For a full tower, the Colossus is not overly expensive as prices start at $150 and range up to about $170. That cash gets you support for five 5.25" and seven 3.5" devices (the latter bays have native support for 2.5" drives). You'll also find eight tool-less expansion slots which make it a breeze to install and remove graphics cards and other such products.
Cooling includes a huge front-mounted 230mm intake fan along with a 230mm exhaust fan lodged in the top of the case. Additionally, you can install an optional 120/140mm fan at the rear and bottom of the case to help improve airflow.

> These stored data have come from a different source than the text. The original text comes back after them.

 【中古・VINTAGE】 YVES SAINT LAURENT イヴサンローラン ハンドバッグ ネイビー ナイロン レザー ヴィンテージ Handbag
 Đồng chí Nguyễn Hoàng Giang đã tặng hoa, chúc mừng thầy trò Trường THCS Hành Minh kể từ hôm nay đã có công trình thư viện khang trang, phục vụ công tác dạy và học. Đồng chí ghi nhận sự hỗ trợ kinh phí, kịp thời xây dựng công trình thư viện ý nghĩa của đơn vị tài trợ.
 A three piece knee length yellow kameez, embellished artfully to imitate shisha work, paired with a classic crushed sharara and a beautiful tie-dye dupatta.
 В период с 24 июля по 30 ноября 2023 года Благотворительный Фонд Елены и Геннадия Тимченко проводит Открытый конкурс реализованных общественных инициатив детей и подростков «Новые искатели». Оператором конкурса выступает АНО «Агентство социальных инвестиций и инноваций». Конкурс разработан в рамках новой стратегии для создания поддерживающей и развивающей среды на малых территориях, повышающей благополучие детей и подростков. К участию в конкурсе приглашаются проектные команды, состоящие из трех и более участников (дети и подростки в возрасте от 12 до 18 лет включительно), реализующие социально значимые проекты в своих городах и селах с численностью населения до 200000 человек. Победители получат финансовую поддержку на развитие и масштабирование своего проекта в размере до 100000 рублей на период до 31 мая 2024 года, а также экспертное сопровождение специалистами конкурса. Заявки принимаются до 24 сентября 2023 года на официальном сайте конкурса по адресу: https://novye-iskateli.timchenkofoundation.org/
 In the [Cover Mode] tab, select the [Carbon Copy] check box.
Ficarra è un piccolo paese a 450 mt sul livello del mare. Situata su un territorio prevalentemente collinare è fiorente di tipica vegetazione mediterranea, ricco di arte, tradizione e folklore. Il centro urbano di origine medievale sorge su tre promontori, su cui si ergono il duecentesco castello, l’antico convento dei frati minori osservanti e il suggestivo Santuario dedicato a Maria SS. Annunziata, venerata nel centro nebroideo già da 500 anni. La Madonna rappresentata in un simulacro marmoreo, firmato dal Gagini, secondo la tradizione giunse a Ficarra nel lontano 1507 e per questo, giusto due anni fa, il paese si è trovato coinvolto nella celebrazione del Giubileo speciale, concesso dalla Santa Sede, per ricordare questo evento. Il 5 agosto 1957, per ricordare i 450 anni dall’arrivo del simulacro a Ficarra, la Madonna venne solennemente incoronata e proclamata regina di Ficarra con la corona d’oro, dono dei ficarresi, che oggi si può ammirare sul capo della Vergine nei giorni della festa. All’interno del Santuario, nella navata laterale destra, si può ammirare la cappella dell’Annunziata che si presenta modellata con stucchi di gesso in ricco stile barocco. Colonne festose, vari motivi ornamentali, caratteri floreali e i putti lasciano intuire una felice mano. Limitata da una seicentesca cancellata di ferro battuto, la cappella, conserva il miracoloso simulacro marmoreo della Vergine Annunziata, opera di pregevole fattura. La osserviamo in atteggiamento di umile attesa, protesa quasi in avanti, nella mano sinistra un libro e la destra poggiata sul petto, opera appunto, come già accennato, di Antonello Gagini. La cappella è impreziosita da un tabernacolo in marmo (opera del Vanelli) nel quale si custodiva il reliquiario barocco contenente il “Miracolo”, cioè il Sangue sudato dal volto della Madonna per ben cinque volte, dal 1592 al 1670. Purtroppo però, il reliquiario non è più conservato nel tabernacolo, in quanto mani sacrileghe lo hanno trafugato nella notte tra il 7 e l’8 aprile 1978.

There's also a great deal of cable management and loads of room behind the non-removable motherboard tray to stow excess wires.
Although the Colossus' wire routing works alright overall, the rubber grommets in the motherboard tray holes are a real pain as they constantly fall out when trying to feed cables though them. BitFenix has also included a large cut out in the motherboard tray for rear access to the CPU socket for installation of high-end cooling solutions -- a mainstay of modern enthusiast cases.